[PATCH] D10964: [Codegen] Add intrinsics 'hsum*' and corresponding SDNodes for horizontal sum operation.

hfinkel@anl.gov via llvm-commits llvm-commits at lists.llvm.org
Fri Sep 25 14:27:57 PDT 2015


hfinkel added a comment.

I need to take a step back here; why are we doing this again?

I read again the RFC thread (http://lists.llvm.org/pipermail/llvm-dev/2015-May/085078.html), and it ended with the following (from Renato):

> > BTW, now my plan is to just add the two intrinsics for 'absolute difference'

> 

> >  and 'horizontal add'.

> 

> 

> That's ok, as long as they're impossible to represent in plain IR.


and I think that we were all in agreement on this point. But now I'm not sure you've demonstrated the prerequisite. The underlying operations here (and in http://reviews.llvm.org/D10867) seem like they are representable using IR (as demonstrated by the fact that you provide potentially-equivalent IR sequences in the documentation), except for the ordering freedom here.

And this, I fear, is where we run into trouble. The thing that is not representable in the IR is that the order of operations in the horizontal sum is undefined, and at the same time, signed overflow is undefined. This cannot be represented in the IR because nsw adds don't reassociate, and thus, there's no way to represent the sequence of nsw adds such that they can be reassociated while retaining their nsw property. But the problem is that, because this freedom cannot be represented in the IR, we also can't generate it from IR in a semantics-preserving way; and, thus, it would not be legal to generate it in the vectorizers.

Thus, this change does not seem right, and approving http://reviews.llvm.org/D10867 seems like a mistake as well. We could certainly fix the definition here to make it exactly representable in the IR, but then what's the point of doing so?

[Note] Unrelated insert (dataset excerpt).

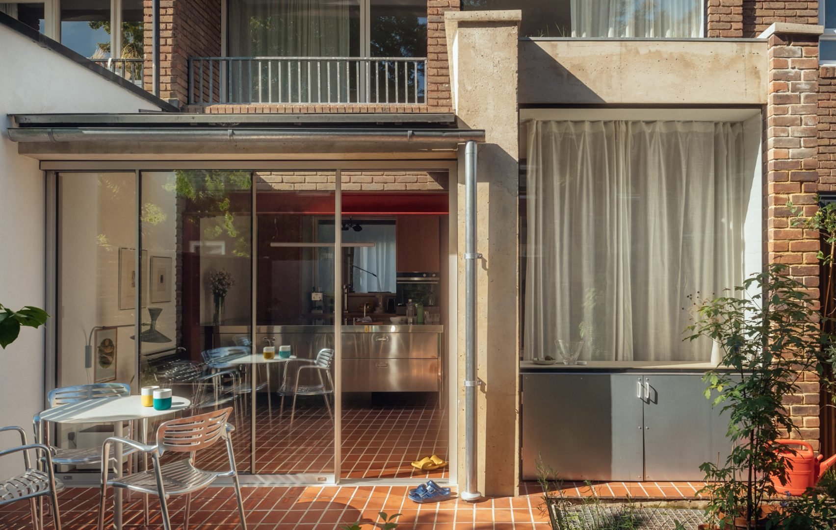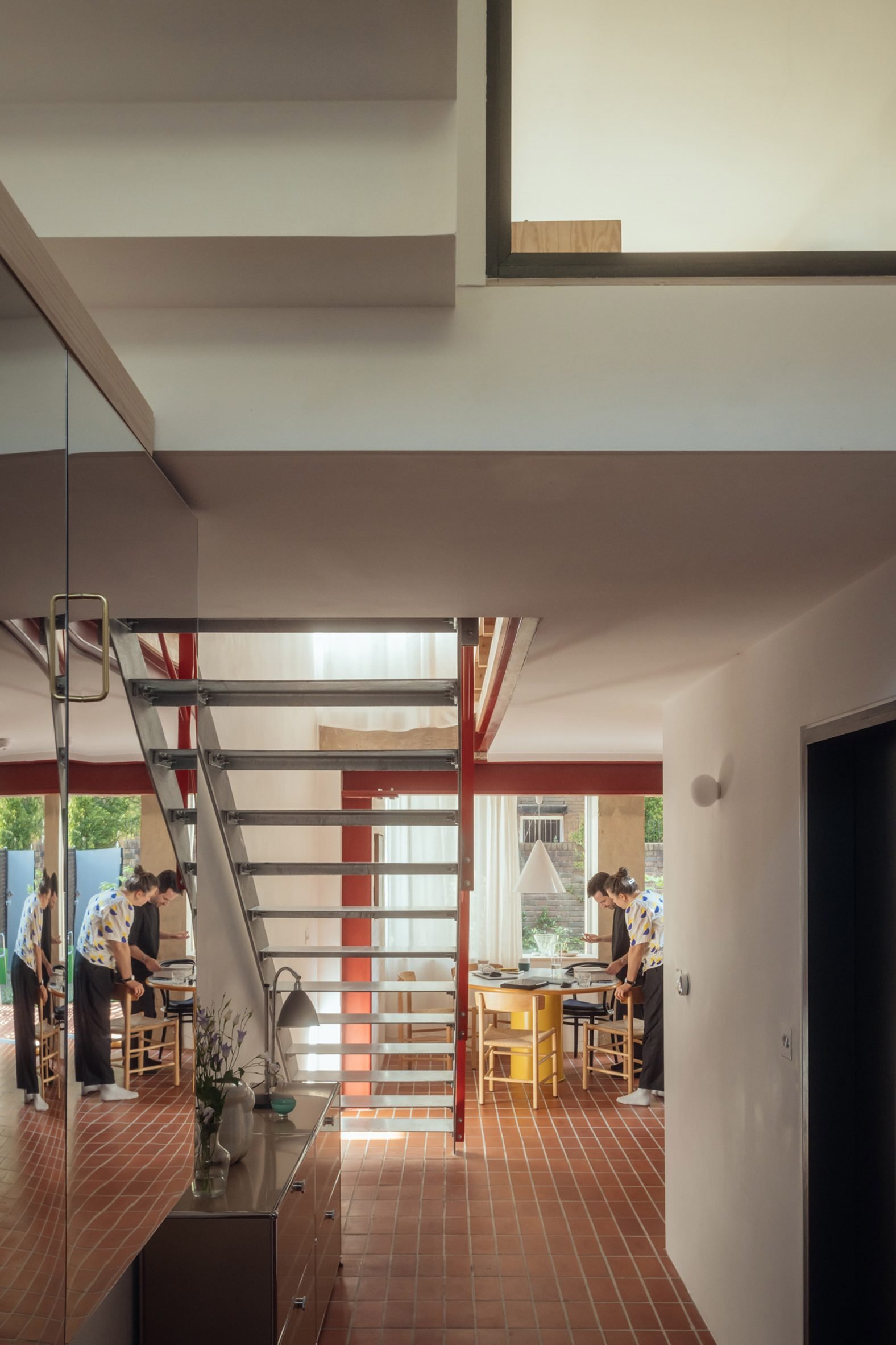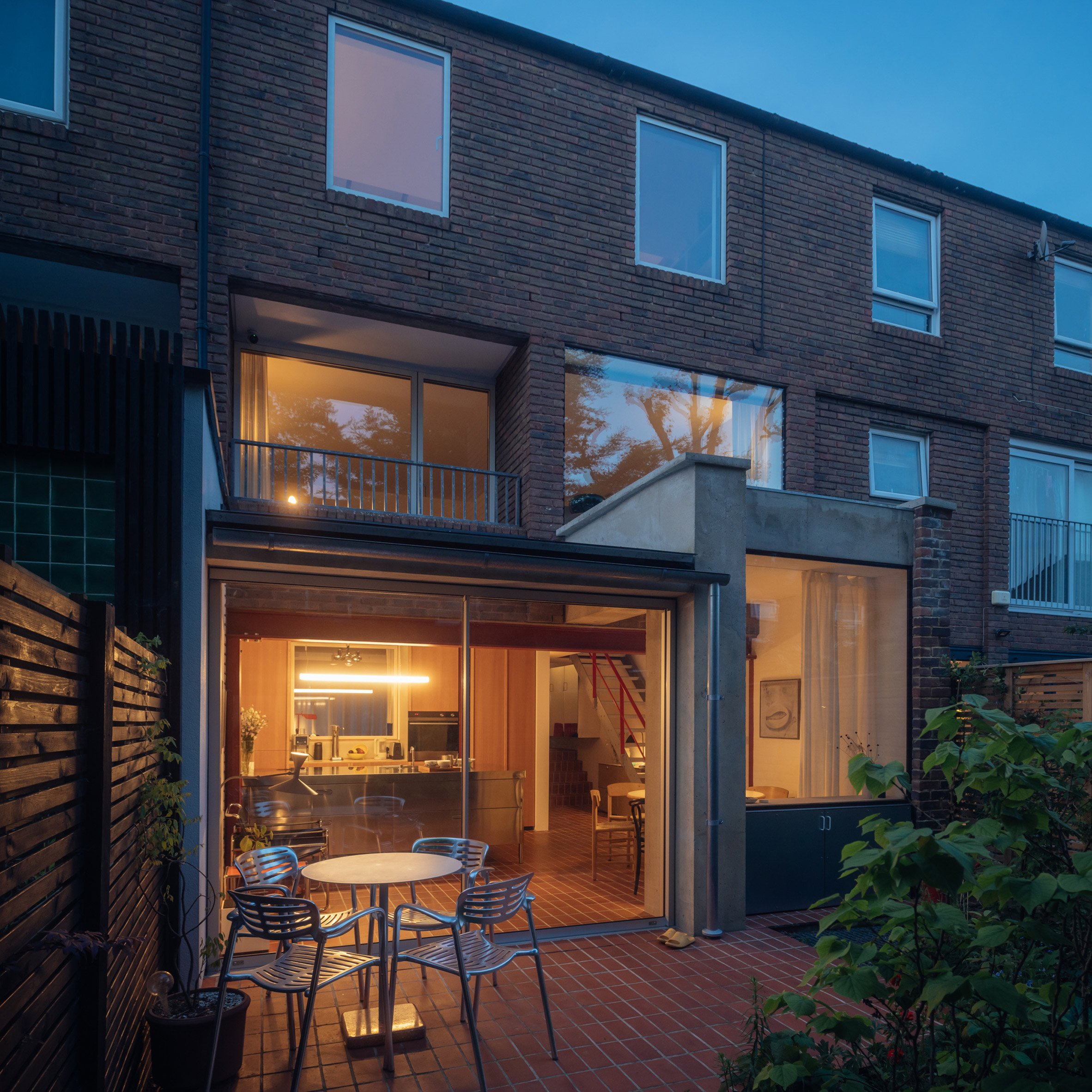 붉은 강철 포털 프레임은 기존 주택과 콘크리트 확장부가 만나는 경계를 명확하게 표시한다. 미닫이 유리문은 테라코타 바닥 타일로 내부와 유기적으로 연결된 남쪽의 정원 테라스로 열린다. 이러한 설계는 내·외부 공간의 자연스러운 연속성을 만들어내며, 한국 전통 건축에서 볼 수 있는 '안과 밖의 조화로운 흐름'을 현대적으로 재해석한 듯한 느낌을 준다.

In the RFC, you mentioned cost modeling as a major motivation for adding intrinsics, but that seems like an unrelated problem (at least in part). During vectorization, we can use special interfaces to estimate the cost of complex patterns. In fact, we already have an interface for reductions: TTI.getReductionCost. There is a second relevant code model: That used by the unroller and inliner. Vectorization happens after inlining, so that interaction is not really relevant, but partial unrolling happens after vectorization, and so the cost model there might want to understand that a complex sequence of shuffles, extracts and adds has a disproportionately-low cost. The same is true of the inliner if the input IR uses vector types and initially contains these operations, but even in that case, you'd not want to canonicalize on the intrinsics too early in case other optimizations remove the need for most of the operations. Thus, in the end, you need pattern-matching code near the end of the pipeline anyway to account for input IR directly containing relevant operations on vector types.

In short, I don't understand why we're going in this direction. You can match these operations in the backend, and you can match them in the cost-model code. If we can't do the latter, then we should fix that. And we already have special interfaces for vectorization costs for complex operations such as this.